Since at least the time of Plato, political scientists and philosophers have been concerned about what citizens and rulers should know if they are to be governed-and govern-well. Moreover, the increasing complexity of modern societies has revivified thinking about and around the critical concept of political knowledge. Vital questions arise, such as:
does effective democracy demand an informed electorate?
is such an aspiration realistic, given the size and reach of modern governments?
how can electorates compensate for their ignorance, given the vast amount of information that might be necessary to make sound political judgements?

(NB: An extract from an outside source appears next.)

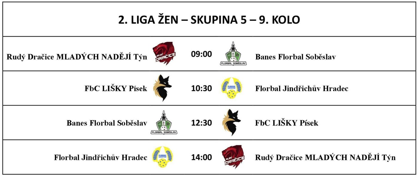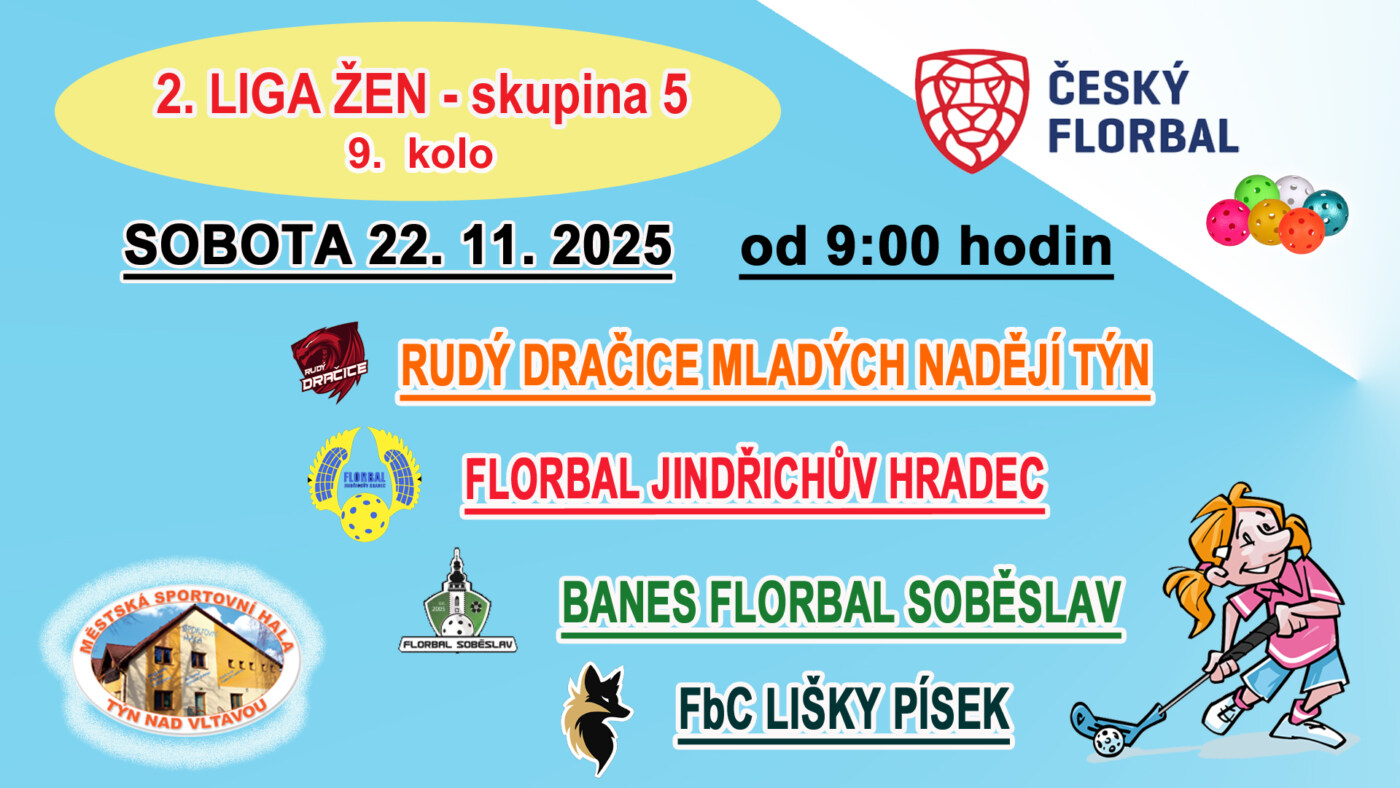 SOBOTA 22.11.2025 – FLORBAL – 2. LIGA ŽEN – SKUPINA 5 – 9. KOLO

or is such ignorance 'rational'?
This new collection from Routledge brings together canonical and cutting-edge research to interrogate these and other issues. Edited by leading scholars, Political Knowledge assembles in four volumes the best and most important scholarship, from the ancients to the work of the deliberative democrats. The collection also gathers the key survey research, from the Columbia and Michigan schools down to the present. Further, it makes sense of the main lines of normative debate about these findings, and addresses the various causal and theoretical understandings of political knowledge and ignorance, while illuminating directions for future research.

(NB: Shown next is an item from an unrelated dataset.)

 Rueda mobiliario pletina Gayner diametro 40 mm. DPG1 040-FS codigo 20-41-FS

With a full index, together with a comprehensive introduction, newly written by the editors, which places the collected material in its historical and intellectual context, Political Knowledge is an essential work of reference. The collection will be particularly useful as an essential database allowing scattered and often fugitive material from less accessible books and specialized journals to be easily located. It will also be welcomed as a crucial tool permitting rapid access to less familiar-and sometimes overlooked-texts. For researchers, students, and policymakers, it is a vital one-stop research and pedagogic resource.